____ Recorded information
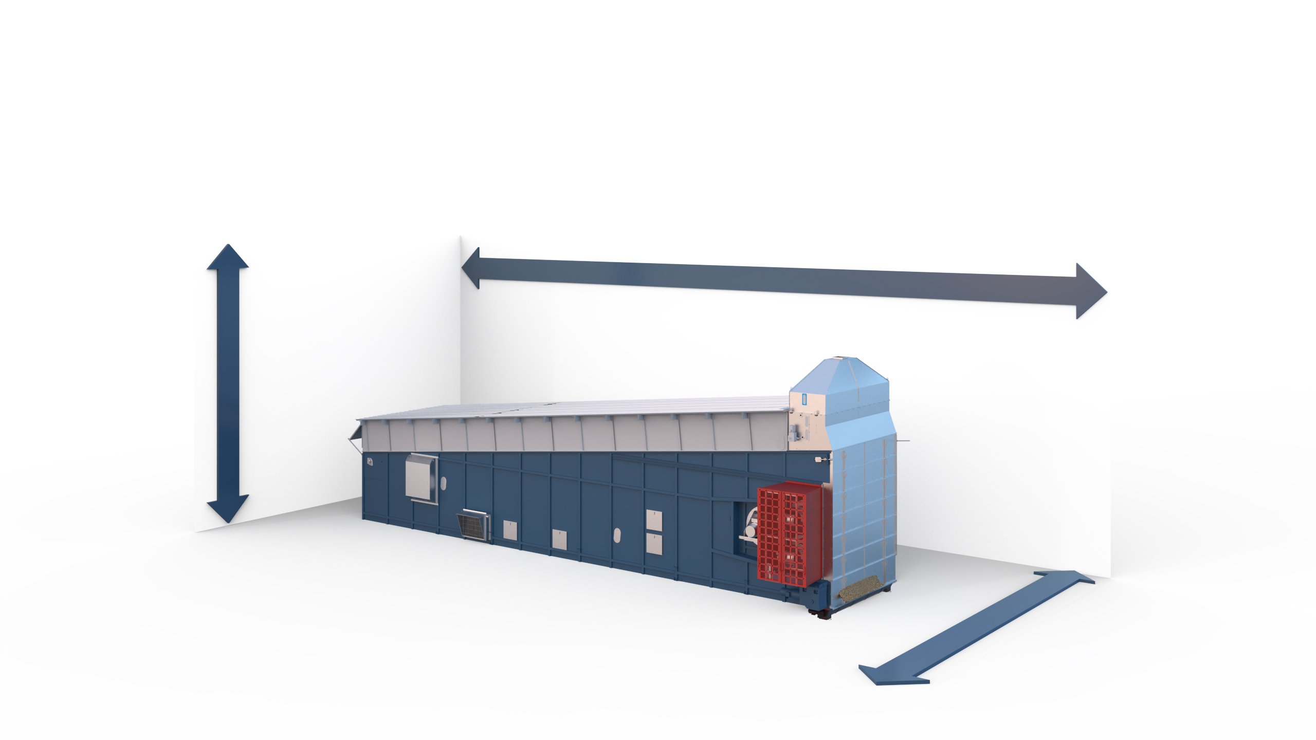 В задней части устройства расположен большой люк с торца. При открытии крышки через него выходит тёплый воздух и мелкий летучий мусор. Когда происходит охлаждение, мусор остаётся внутри, а поток тёплого воздуха направляется в горячую камеру и затем в камеру сушки. Это позволяет значительно снизить расходы на нагрев воздуха.
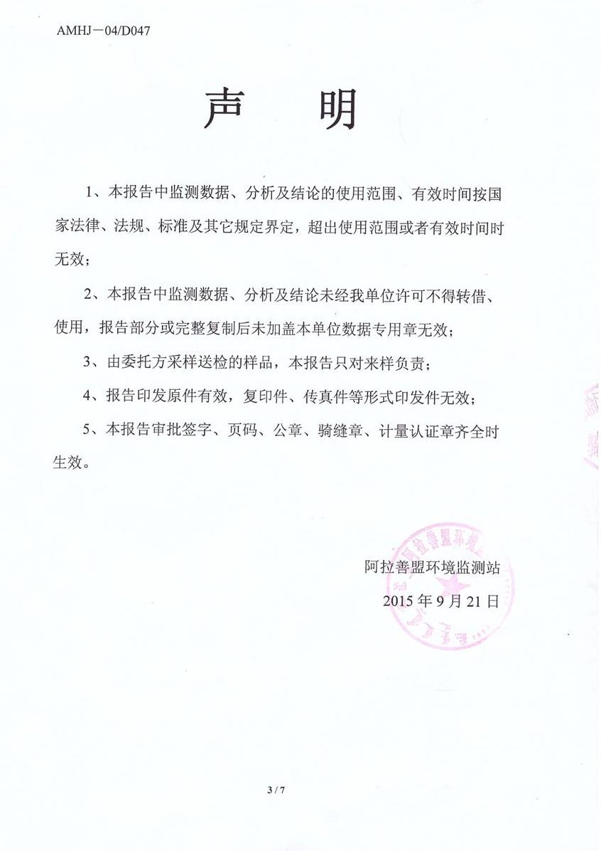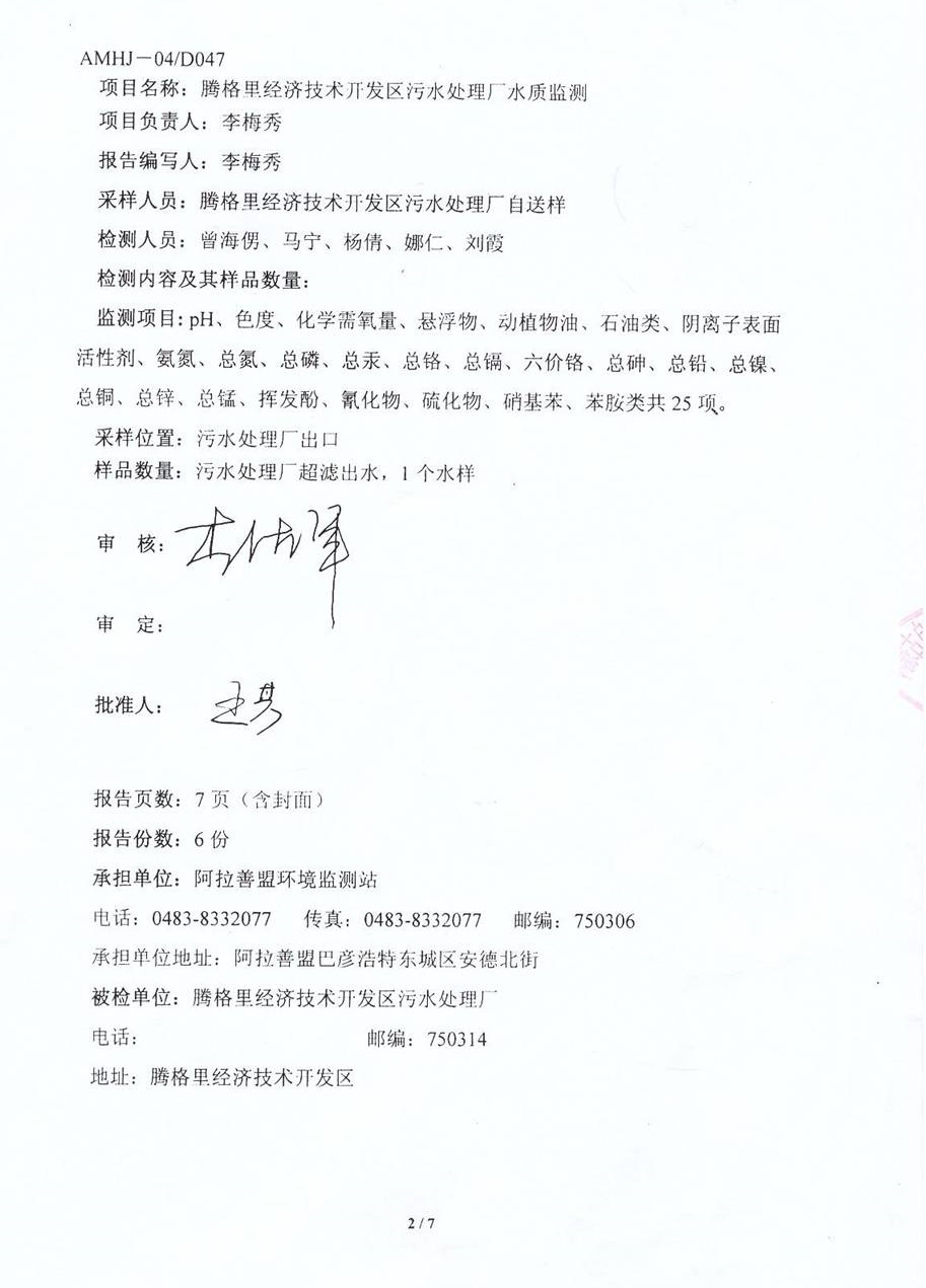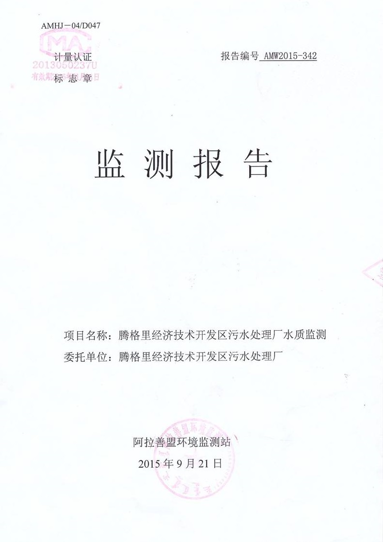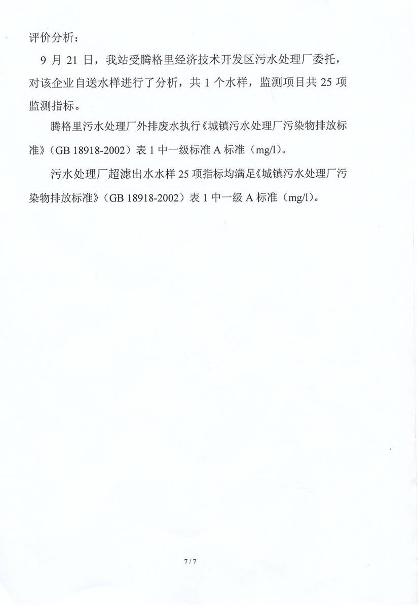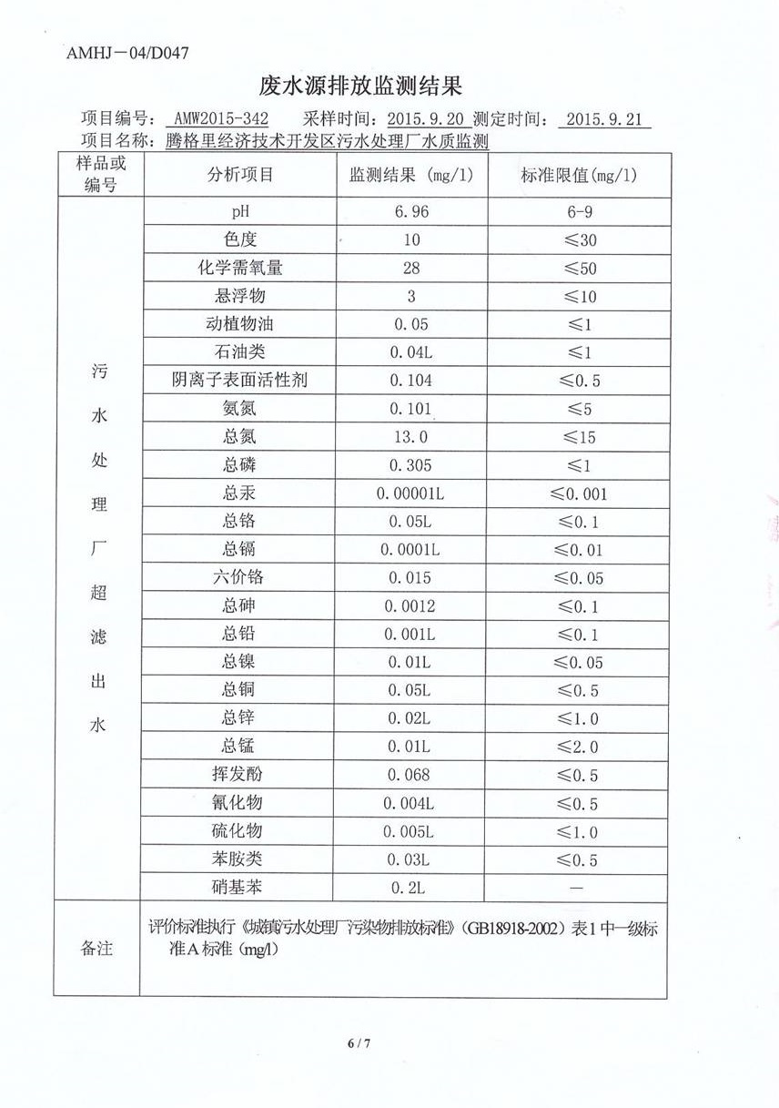 2015年9月21日,受騰格里經濟技術開發(fā)區(qū)污水處理廠委托,阿拉善盟環(huán)境監(jiān)測站對園區(qū)內水廠出水水樣進行分析,出具水質監(jiān)測報告,報告顯示,騰格里污水處理廠外排廢水執(zhí)行《城鎮(zhèn)污水處理廠污染物排放標準》(GB18918-2002)表1中一級標準A標準(mg/l)。污水處理廠超濾出水水樣25項指標均滿足《城鎮(zhèn)污水處理廠污染物排放標準》(GB18918-2002)表1中一級標準A標準(mg/l)。
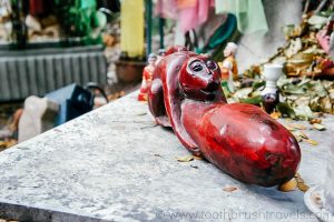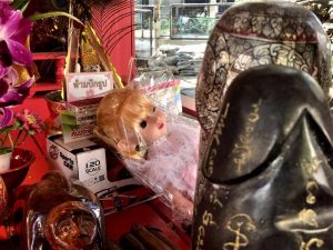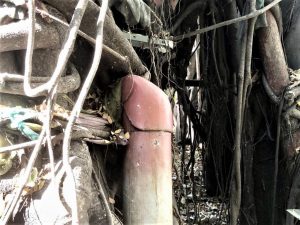 Nach längerem Herumirren fand ich endlich endlich den Schrein. Der war einst ein normales Geisterhäuschen, das der erfolgreiche Geschäftsmann Nai Lert im benachbarten Kanal Saen Saeb entdeckt und herausgefischt hatte. Was erwartete ich nun? Stolze, holzgeschnitzte Phalli in aufgeregter Stimmung, die auch optisch ihrem Ruf gerecht wurden, Glück, Wohlstand und Fruchtbarkeit zu verheißen. Solche Bilder hatte ich im Kopf, gesehen zuvor in diversen Medien.
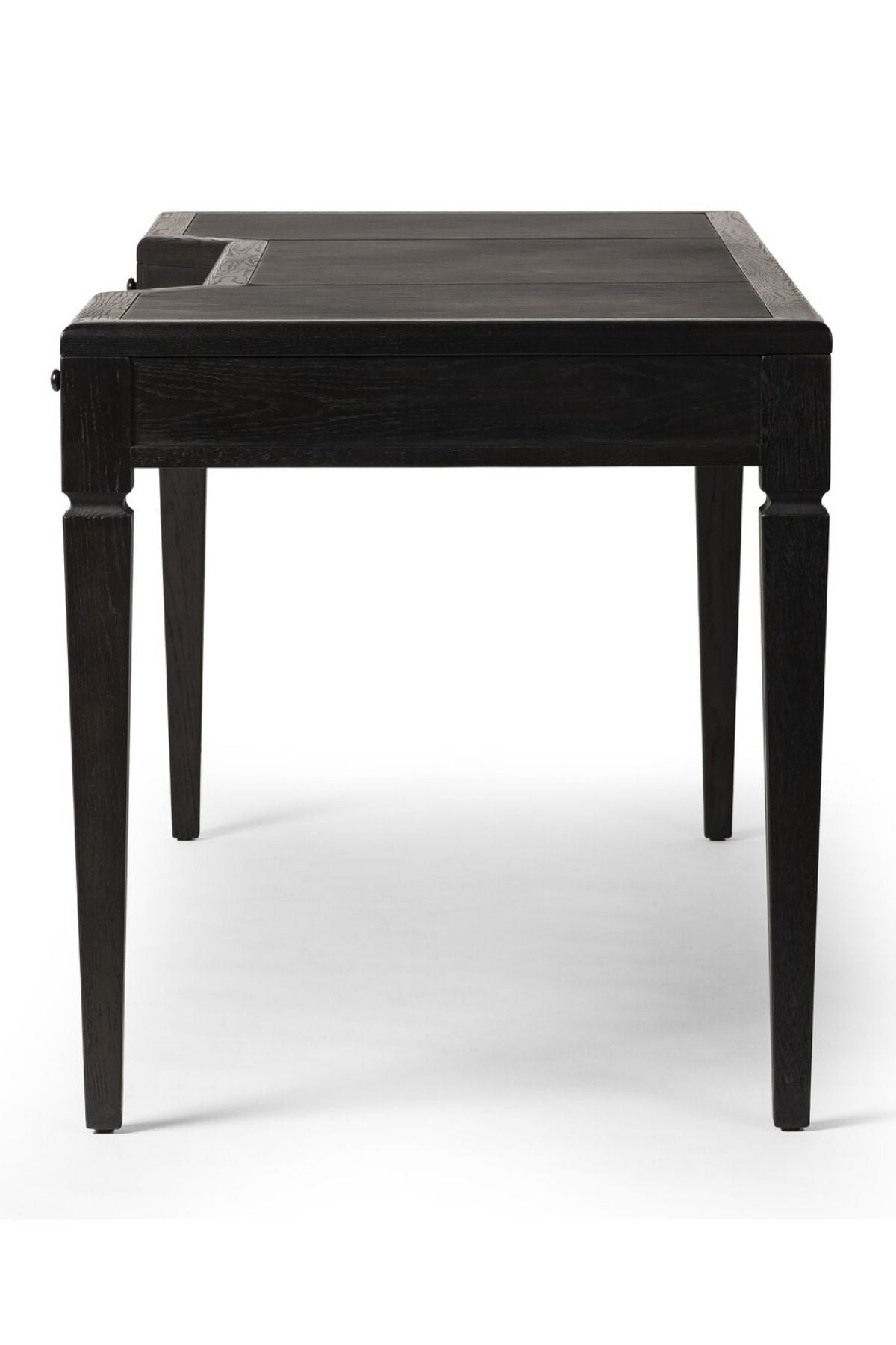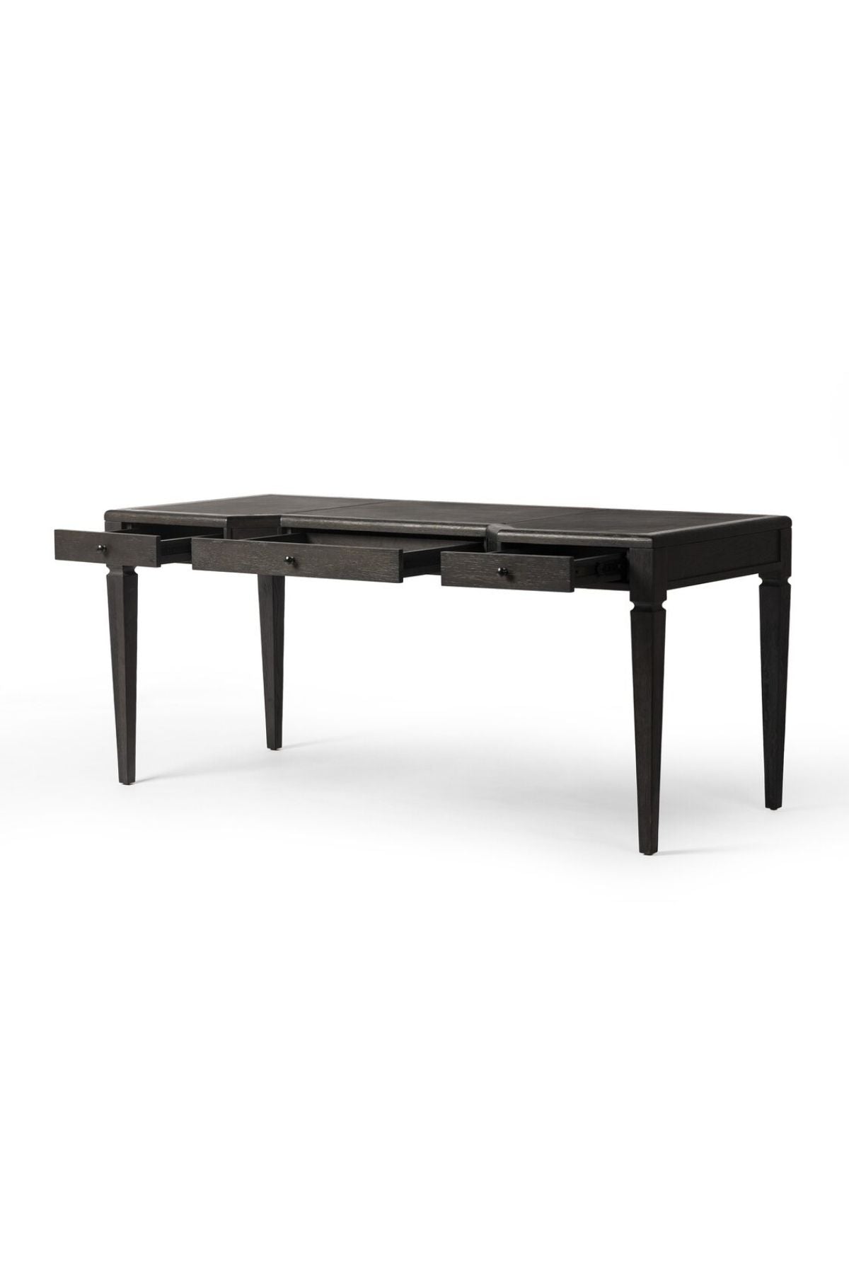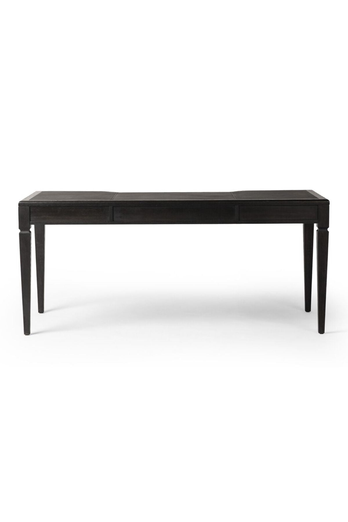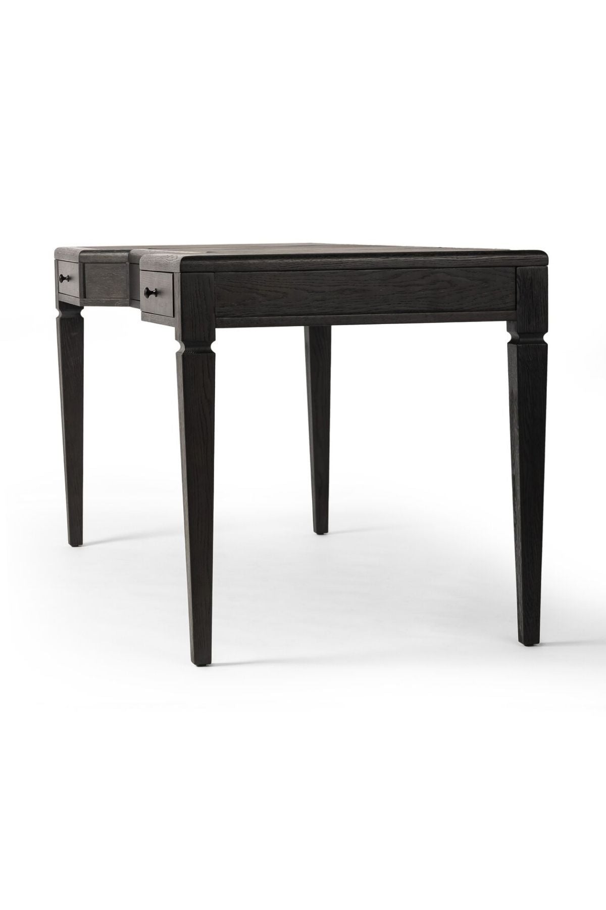 Meet the Claude Desk. This refreshed directoire-style desk pairs a 100% top-grain leather inset top with a unique reverse breakfront and recessed center drawer. Finished in distressed black oak, it offers the workspace a classic yet updated feel.
________
To do:
Each line from the one containing "Nach längerem Herumirren" to the final line of the data must be printed exactly, both included, with nothing else and no pictures.

Result of the task:
 Nach längerem Herumirren fand ich endlich endlich den Schrein. Der war einst ein normales Geisterhäuschen, das der erfolgreiche Geschäftsmann Nai Lert im benachbarten Kanal Saen Saeb entdeckt und herausgefischt hatte. Was erwartete ich nun? Stolze, holzgeschnitzte Phalli in aufgeregter Stimmung, die auch optisch ihrem Ruf gerecht wurden, Glück, Wohlstand und Fruchtbarkeit zu verheißen. Solche Bilder hatte ich im Kopf, gesehen zuvor in diversen Medien.
 Meet the Claude Desk. This refreshed directoire-style desk pairs a 100% top-grain leather inset top with a unique reverse breakfront and recessed center drawer. Finished in distressed black oak, it offers the workspace a classic yet updated feel.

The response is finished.